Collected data
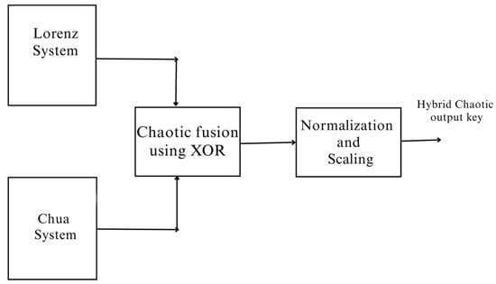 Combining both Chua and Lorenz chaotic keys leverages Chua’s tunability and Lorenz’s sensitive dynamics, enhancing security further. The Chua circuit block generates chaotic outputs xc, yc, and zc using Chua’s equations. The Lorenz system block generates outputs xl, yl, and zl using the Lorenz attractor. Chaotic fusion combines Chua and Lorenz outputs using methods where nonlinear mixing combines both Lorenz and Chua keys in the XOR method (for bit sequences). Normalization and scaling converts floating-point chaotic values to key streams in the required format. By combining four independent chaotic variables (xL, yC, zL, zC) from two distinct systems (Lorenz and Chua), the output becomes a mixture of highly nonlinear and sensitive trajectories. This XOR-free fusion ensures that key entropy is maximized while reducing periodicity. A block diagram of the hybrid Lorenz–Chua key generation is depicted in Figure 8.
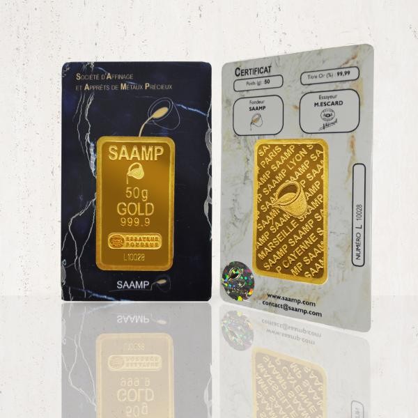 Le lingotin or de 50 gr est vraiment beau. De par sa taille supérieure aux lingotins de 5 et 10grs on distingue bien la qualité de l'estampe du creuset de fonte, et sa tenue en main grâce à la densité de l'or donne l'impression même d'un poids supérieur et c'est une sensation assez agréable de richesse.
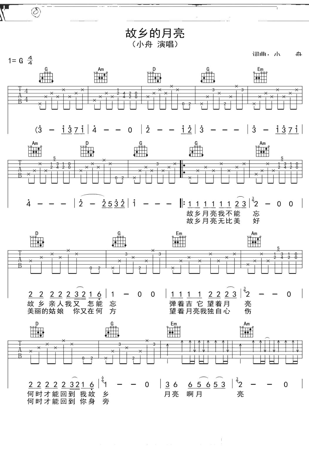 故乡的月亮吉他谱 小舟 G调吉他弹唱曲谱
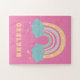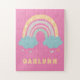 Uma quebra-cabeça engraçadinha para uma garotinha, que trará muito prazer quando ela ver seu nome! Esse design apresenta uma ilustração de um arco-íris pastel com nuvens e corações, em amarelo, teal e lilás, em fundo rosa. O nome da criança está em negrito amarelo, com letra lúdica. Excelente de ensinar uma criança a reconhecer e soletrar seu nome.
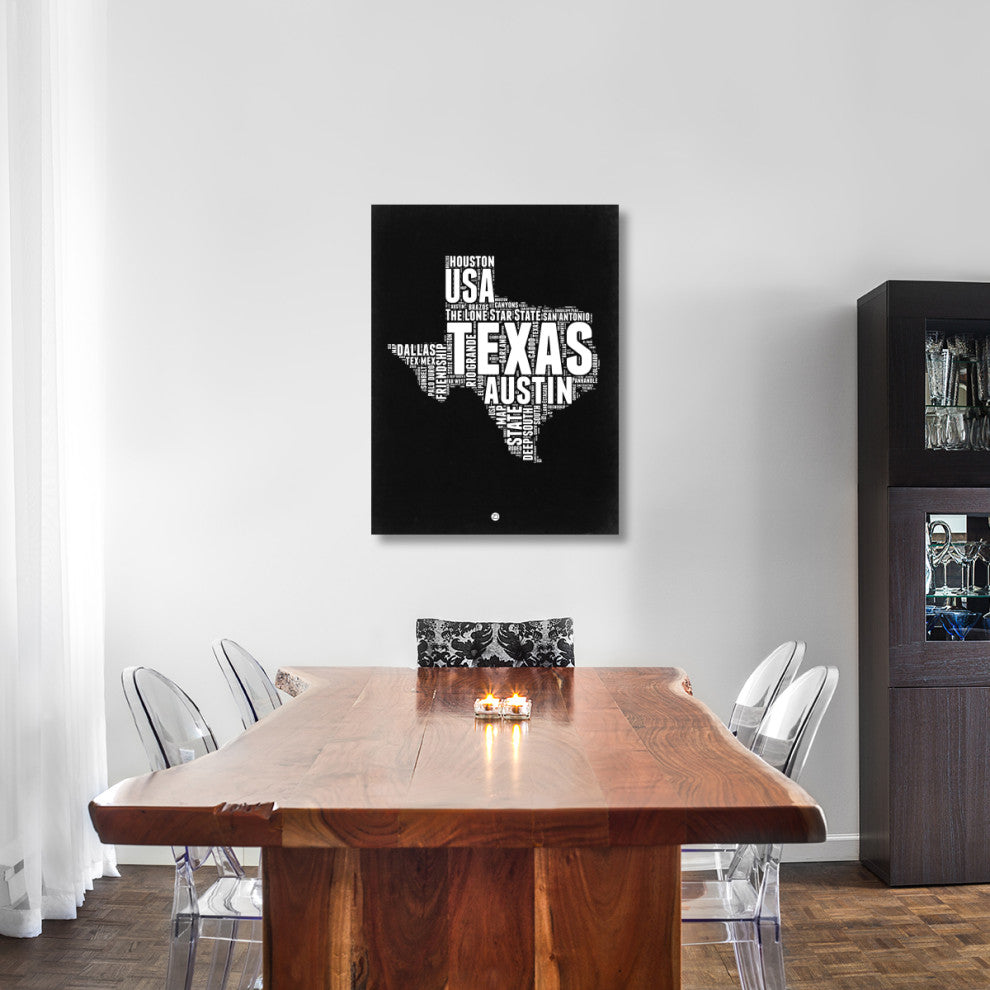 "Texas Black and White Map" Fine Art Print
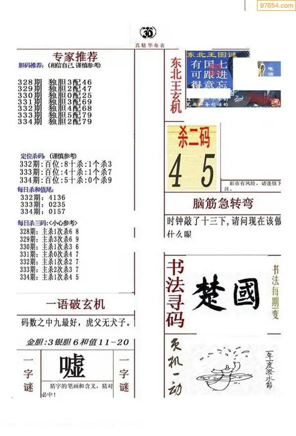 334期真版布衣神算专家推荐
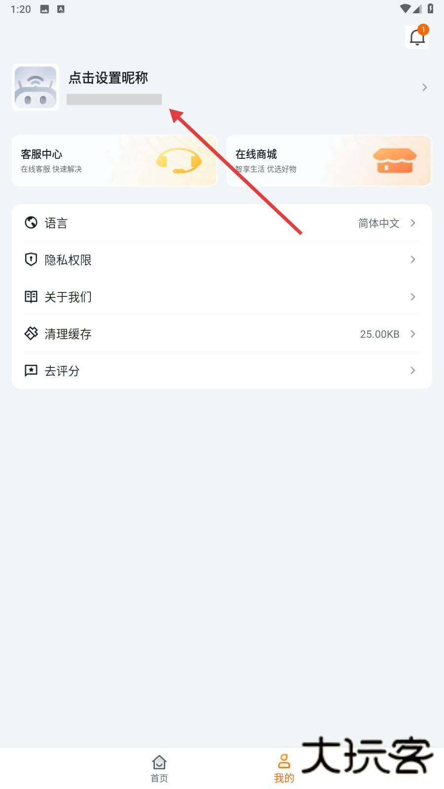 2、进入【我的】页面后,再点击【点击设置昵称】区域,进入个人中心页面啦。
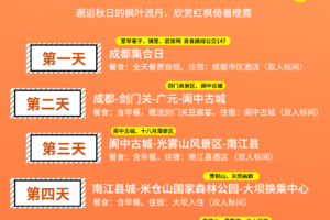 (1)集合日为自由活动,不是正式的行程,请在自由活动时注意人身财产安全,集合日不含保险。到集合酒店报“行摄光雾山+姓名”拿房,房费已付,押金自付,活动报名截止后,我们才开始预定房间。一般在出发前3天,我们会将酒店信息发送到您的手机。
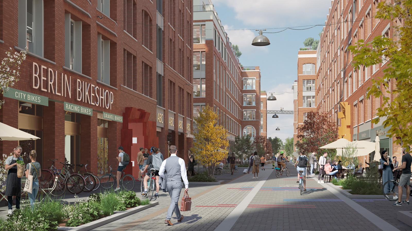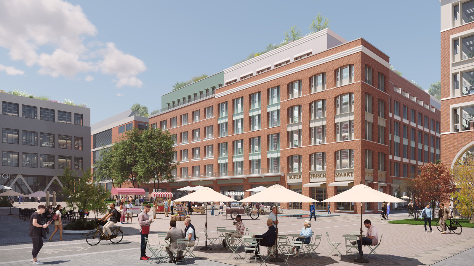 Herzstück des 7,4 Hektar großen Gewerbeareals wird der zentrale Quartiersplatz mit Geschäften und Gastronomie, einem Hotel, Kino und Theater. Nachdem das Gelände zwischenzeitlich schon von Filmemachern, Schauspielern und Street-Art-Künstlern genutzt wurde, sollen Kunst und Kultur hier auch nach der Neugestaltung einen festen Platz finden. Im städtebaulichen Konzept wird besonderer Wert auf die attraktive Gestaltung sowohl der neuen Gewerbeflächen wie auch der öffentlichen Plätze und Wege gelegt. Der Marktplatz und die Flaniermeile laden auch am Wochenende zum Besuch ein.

▶ TASK
Word for word, quote the lines above. Omit the pictures.

▶ EXERCISE ANSWER
 Combining both Chua and Lorenz chaotic keys leverages Chua’s tunability and Lorenz’s sensitive dynamics, enhancing security further. The Chua circuit block generates chaotic outputs xc, yc, and zc using Chua’s equations. The Lorenz system block generates outputs xl, yl, and zl using the Lorenz attractor. Chaotic fusion combines Chua and Lorenz outputs using methods where nonlinear mixing combines both Lorenz and Chua keys in the XOR method (for bit sequences). Normalization and scaling converts floating-point chaotic values to key streams in the required format. By combining four independent chaotic variables (xL, yC, zL, zC) from two distinct systems (Lorenz and Chua), the output becomes a mixture of highly nonlinear and sensitive trajectories. This XOR-free fusion ensures that key entropy is maximized while reducing periodicity. A block diagram of the hybrid Lorenz–Chua key generation is depicted in Figure 8.
 Le lingotin or de 50 gr est vraiment beau. De par sa taille supérieure aux lingotins de 5 et 10grs on distingue bien la qualité de l'estampe du creuset de fonte, et sa tenue en main grâce à la densité de l'or donne l'impression même d'un poids supérieur et c'est une sensation assez agréable de richesse.
 故乡的月亮吉他谱 小舟 G调吉他弹唱曲谱
 Uma quebra-cabeça engraçadinha para uma garotinha, que trará muito prazer quando ela ver seu nome! Esse design apresenta uma ilustração de um arco-íris pastel com nuvens e corações, em amarelo, teal e lilás, em fundo rosa. O nome da criança está em negrito amarelo, com letra lúdica. Excelente de ensinar uma criança a reconhecer e soletrar seu nome.
 "Texas Black and White Map" Fine Art Print
 334期真版布衣神算专家推荐
 2、进入【我的】页面后,再点击【点击设置昵称】区域,进入个人中心页面啦。
 (1)集合日为自由活动,不是正式的行程,请在自由活动时注意人身财产安全,集合日不含保险。到集合酒店报“行摄光雾山+姓名”拿房,房费已付,押金自付,活动报名截止后,我们才开始预定房间。一般在出发前3天,我们会将酒店信息发送到您的手机。
 Herzstück des 7,4 Hektar großen Gewerbeareals wird der zentrale Quartiersplatz mit Geschäften und Gastronomie, einem Hotel, Kino und Theater. Nachdem das Gelände zwischenzeitlich schon von Filmemachern, Schauspielern und Street-Art-Künstlern genutzt wurde, sollen Kunst und Kultur hier auch nach der Neugestaltung einen festen Platz finden. Im städtebaulichen Konzept wird besonderer Wert auf die attraktive Gestaltung sowohl der neuen Gewerbeflächen wie auch der öffentlichen Plätze und Wege gelegt. Der Marktplatz und die Flaniermeile laden auch am Wochenende zum Besuch ein.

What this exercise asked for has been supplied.